Functions of up to 5 arguments can be generated.

    > = tablex.map2(_1+_2,{1,2,3}, {10,20,30})
    {11,22,33}

These expressions can use arbitrary functions, altho they must first be
registered with the functional library. `func.register` brings in a single
function, and `func.import` brings in a whole table of functions, such as `math`.

    > sin = register(math.sin)
    > = tablex.map(sin(_1), {1,2,3,4})
    {0.8414709848079,0.90929742682568,0.14112000805987,-0.75680249530793}
    > import 'math'
    > = tablex.map(cos(2*_1),{1,2,3,4})
    {-0.41614683654714,-0.65364362086361,0.96017028665037,-0.14550003380861}

A common operation is calling a method of a set of objects:

    > = tablex.map(_1:sub(1,1), {'one','four','x'})
    {'o','f','x'}

There are some restrictions on what operators can be used in PEs. For instance,
because the `__len` metamethod cannot be overriden by plain Lua tables, we need
to define a special function to express `#_1':

    > = tablex.map(Len(_1), {'one','four','x'})
    {3,4,1}

Likewise for comparison operators, which cannot be overloaded for _different_
types, and thus also have to be expressed as a special function:

    > = tablex.filter(Gt(_1,0), {1,-1,2,4,-3})
    {1,2,4}

It is useful to express the fact that a function returns multiple values. For
instance, `tablex.pairmap`  expects a function that will be called with the key
and the value, and returns the new value and the key, in that order.

    > = pairmap(Args(_2,_1:upper()),{fred=1,alice=2})
    {ALICE=2,FRED=1}

PEs cannot contain `nil` values, since PE function arguments are represented as
an array.
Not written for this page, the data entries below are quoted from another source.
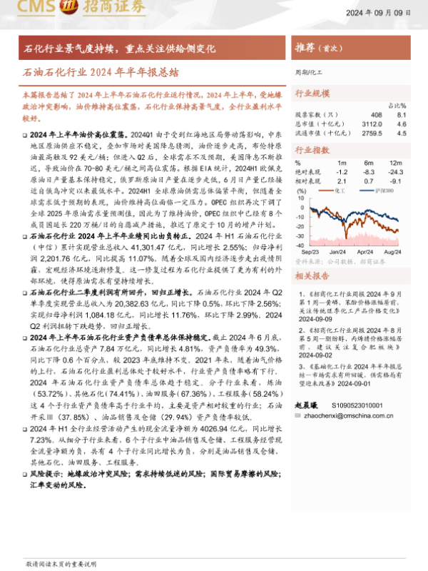【海通证券】【20240909】石油石化行业2024年半年报总结:石化行业景气度持续,重点关注供给侧变化-15页 行业研究
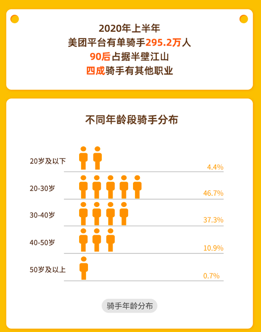 美團(tuán)16日發(fā)布的《2020上半年騎手就業(yè)報(bào)告》顯示,2020年上半年,通過美團(tuán)獲得收入的騎手總數(shù)達(dá)295.2萬人,同比增長16.4%。其中,來自國家建檔立卡貧困戶的新增騎手近8萬人。疫情影響下,“兼職做騎手”成為就業(yè)新趨勢,近四成騎手有其他職業(yè),其中不乏律師、舞蹈演員、導(dǎo)演、企業(yè)中層管理者、金融從業(yè)者、軟件工程師等群體。
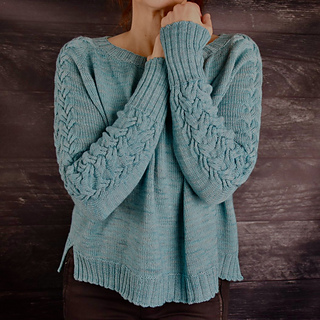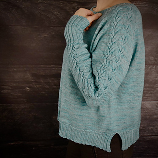 Because the instructions are so variable, I cannot give exact details about the amount of yarn used. I used just under 450 g (approx. 1500 m), which is about 15% more than for a sweater in stockinette stitch for a body circumference of 120 cm (20% extra width) and a sleeve circumference of 42 cm.

Instead, a special value called `Nil` is provided.  So say
`_1:f(Nil,1)` instead of `_1:f(nil,1)`.

A placeholder expression cannot be automatically used as a Lua function. The
technical reason is that the call operator must be overloaded to construct
function calls like `_1(1)`.  If you want to force a PE to return a function, use
`func.I`.

    > = tablex.map(_1(10),{I(2*_1),I(_1*_1),I(_1+2)})
    {20,100,12}

Here we make a table of functions taking a single argument, and then call them
all with a value of 10.

The essential idea with PEs is to 'quote' an expression so that it is not
immediately evaluated, but instead turned into a function that can be applied
later to some arguments. The basic mechanism is to wrap values and placeholders
so that the usual Lua operators have the effect of building up an _expression
tree_. (It turns out that you can do _symbolic algebra_ using PEs, see
`symbols.lua` in the examples directory, and its test runner `testsym.lua`, which
demonstrates symbolic differentiation.)

The rule is that if any operator has a PE operand, the result will be quoted.
Sometimes we need to quote things explicitly. For instance, say we want to pass a
function to a filter that must return true if the element value is in a set.
`set[_1]` is the obvious expression, but it does not give the desired result,
since it evaluates directly, giving `nil`. Indexing works differently than a
binary operation like addition (set+_1 _is_ properly quoted) so there is a need
for an explicit quoting or wrapping operation. This is the job of the `_`
function; the PE in this case should be `_(set)[_1]`.  This works for functions
as well, as a convenient alternative to registering functions: `_(math.sin)(_1)`.
This is equivalent to using the `lines' method:

    for line in I(_(f):read()) do print(line) end

Now this will work for _any_ 'file-like' object which which has a `read` method
returning the next line. If you had a LuaSocket client which was being 'pushed'
by lines sent from a server, then `_(s):receive '*l'` would create an iterator
for accepting input. These forms can be convenient for adapting your data flow so
that it can be passed to the sequence functions in `pl.seq'.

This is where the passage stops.